Clonaslee–St Manman's
- Founded:: 1888
- County:: Laois
- Colours:: Green and White (football) Red and White (hurling)
- Grounds:: Father Kehoe Park
- Coordinates:: 53°09′04.50″N 7°31′31.79″W﻿ / ﻿53.1512500°N 7.5254972°W

Playing kits
| football | hurling |

Senior Club Championships
|  | All Ireland | Leinster champions | Laois champions |
| Hurling: | - | - | 3 |

= Clonaslee–St Manman's GAA =

GAA club in Clonaslee, County Laois, Ireland

Clonaslee St Manman's GAA is a Gaelic Athletic Association hurling and Gaelic football club in the village of Clonaslee, County Laois, Ireland.

The club colours are green, white and red (differ between green and white or red and white or sometimes green/red/white depending on whether it is hurling or football.

==History==
Clonaslee GAA club catered for football and hurling until 1974, when St Manman's Gaelic Football Club was founded and catered exclusively for football. St Manman's reached the 1977 Laois Junior Football Championships final, losing to Portlaoise.

In 2001, Clonaslee Hurling Club amalgamated with St Manman's Football Club.

In 1999, Clonaslee–St Manman's amalgamated with Rosenallis forming a Gaels(joint team at senior that allows clubs to have separate junior teams) Senior hurling.They also amalgamated at underage in hurling and football. This team was named Tinnahinch after the barony of Tinnahinch which includes the civil parishes of Kilmanman, Reary and Rosenallis. Tinnahinch competed in 3 Senior Hurling finals in 2002, 2003 and 2006. In 2009, they won the Division 3 Féile na nGael (U14 Hurling) national hurling title.

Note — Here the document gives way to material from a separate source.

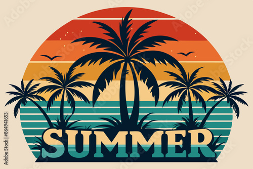© Trendy CraftSVG , Naklejka premium Summer t-shirt design. Retro and vintage summer vibes t-shirt design with palm tree, sea beach, and sunset vector illustration

At adult level, this was a Gaels team which meant that both Clonaslee and Rosenallis could have their own separate Junior teams.

== Juvenile Setup ==
At underage Clonaslee fields hurling and football teams on its own up to u13, at u15 and u17 they amalgamate with Rosenallis to form Clonaslee/Rosenallis.

==Achievements==

===Hurling===
- Laois Senior Hurling Championship: (4) 1890, 1891, 1910, and 1975
- North Laois Senior Hurling Championship (1) 1974
- Laois Intermediate Hurling Championship 1936, 1943, 1955, 1962, 1969, 1982, 1987, 1997
- Laois Junior Hurling Championship: in 1933, 1968, 1978, 1985(B), 2002(B)
- Laois Under-21 B Hurling Championship (1) 1993
- Laois Minor Hurling Championship Finalists 1975

===Football===
Clonaslee–St Manman's or St Manman's have won the following football county titles;
- Laois Intermediate Football Championship: (6) 1981, 1998, 2002, 2009, 2015, 2020
- Laois Junior Football Championships: 1978, 1997
- Laois Junior C Football Championship: 2007 2023
- Laois Under 21 B Football Championship: 1999, 2006, 2007, 2009 (last three as Tinnahinch)
- Laois All-County Football League Div. 2: 1981, 1987, 1990, 2002, 2019
- Laois All-County Football League Div. 3: 1998 2024
- Laois All-County Football League Div. 5: 2016
Division 6 2024
Division 7 2023

==Notable players==
Darren Rooney, a former club member, represented Laois at senior in both hurling and football.

Mark and Declan-brothers of Darren Rooney also played hurling and football for Laois.

James Young is also a former Laois senior hurler.